— Не подумайте, что я набрасываю на себя тень, сказав вам, что эти деньги, возможно, будут найдены, — продолжал Жак Коллен, давая понять следователю, что он предвосхищает его подозрения. — Слуги любили бедную девушку; и, будь я на свободе, я занялся бы розысками этих денег, которые принадлежат теперь Люсьену, существу, любимому мною больше всего на свете. Не соблаговолите ли вы дать мне прочесть письмо? Это дело минуты… Ведь в нем доказательство невиновности моего дорогого мальчика… Вам нечего опасаться, что я его уничтожу или сообщу о нем, ведь я в одиночной камере.
— В одиночной!.. — вскричал судейский чиновник. — Вы туда больше не вернетесь. Теперь уже я вас прошу установить с наивозможной быстротой ваше звание; обратитесь к вашему послу, ежели угодно…
И он протянул письмо Жаку Коллену. Камюзо был счастлив, почувствовав, что он может выпутаться из затруднительного положения, удовлетворив генерального прокурора, госпожу де Мофриньез и госпожу де Серизи. Однако ж он изучал холодно и с любопытством лицо своего подследственного, пока тот читал письмо куртизанки; и хотя на этом лице были отражены самые искренние чувства, он говорил себе: «А все же это физиономия каторжника».

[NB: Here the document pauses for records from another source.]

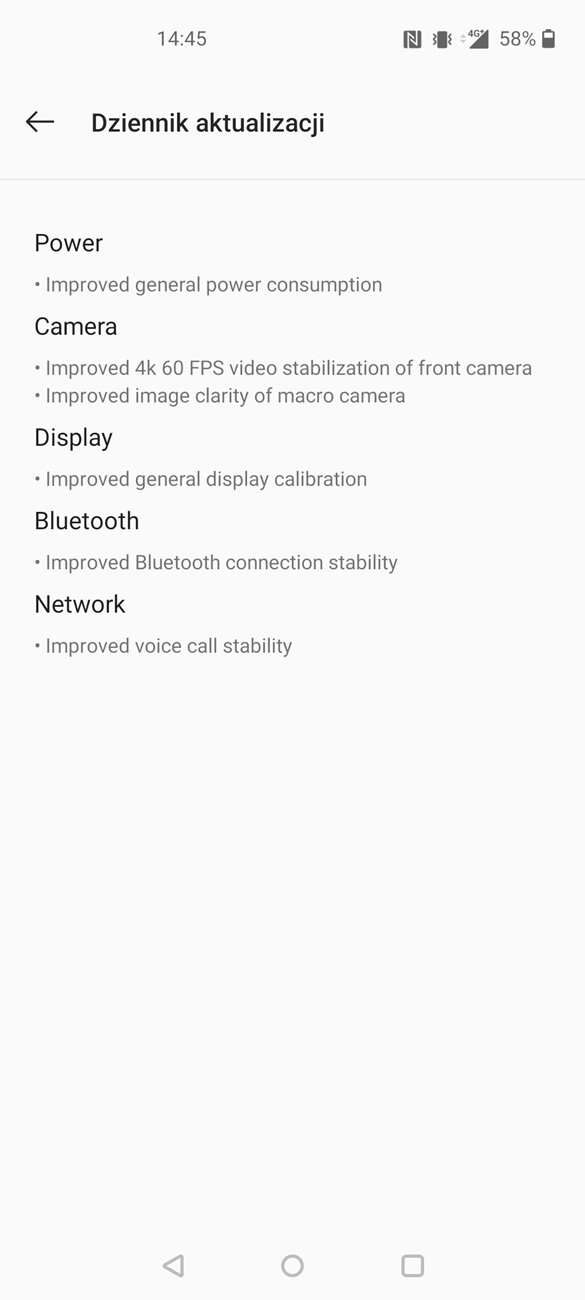 W ustawieniach poza możliwością włączenia 90 Hz odświeżania, możemy włączyć filtr światła niebieskiego (z regulacją jasności i temperatury barw), tryb czytania oraz zamaskować wcięcie na przednie kamery, wyświetlając obok nich czarny pasek. Nie zabrakło również Ambient display, czyli wyświetlania wybranych treści na wygaszonym ekranie.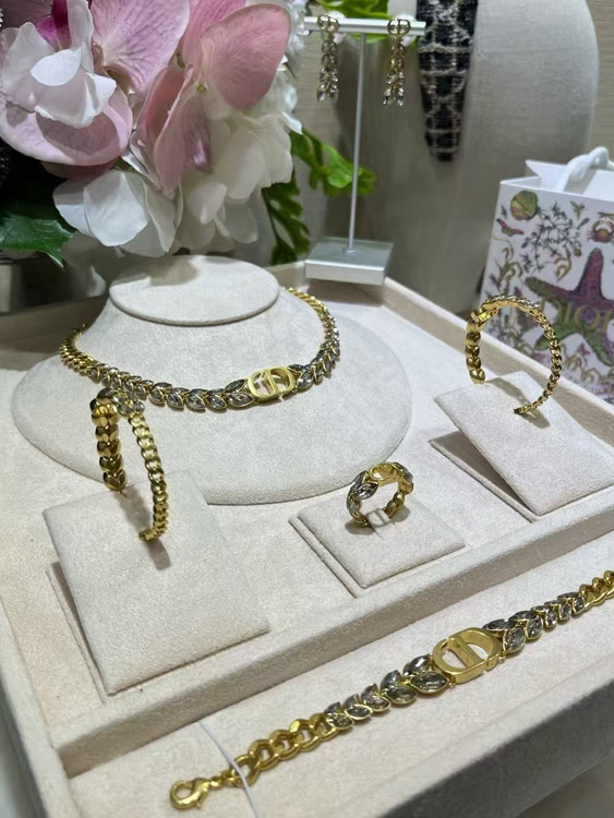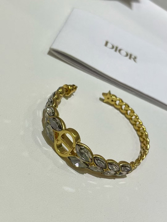 Dior Gold Horse Eye Crystal Wheat Ear Chain Hoop Earrings-3703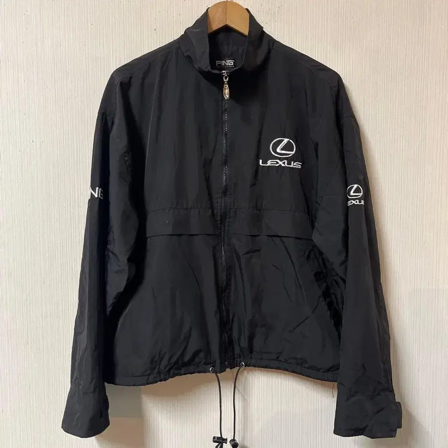 렉서스 핑 숏 기장 블루종 블랙 자수 남성용 드로 코드

— Вот как его любят!.. — сказал Жак Коллен, возвращая письмо; и когда он поднял голову, Камюзо увидел, что оно облито слезами. — Если бы вы знали его, — продолжал он. — Какая это юная, какая чистая душа, а какая блистательная красота! Дитя, поэт… невольно чувствуешь желание пожертвовать собою ради него, удовлетворить его малейшие прихоти. Милый Люсьен, как он очарователен, когда ласков!..
— Послушайте, — сказал судейский чиновник, делая еще одно усилие обнаружить истину, — не может быть, вы не Жак Коллен.
— Нет, сударь, — отвечал каторжник.
И в эту минуту Жак Коллен, как никогда, был доном Карлосом Эррера. Желая завершить свой подвиг, он подошел к следователю, увел его в нишу окна и, подражая манерам князей церкви, принял доверительный тон.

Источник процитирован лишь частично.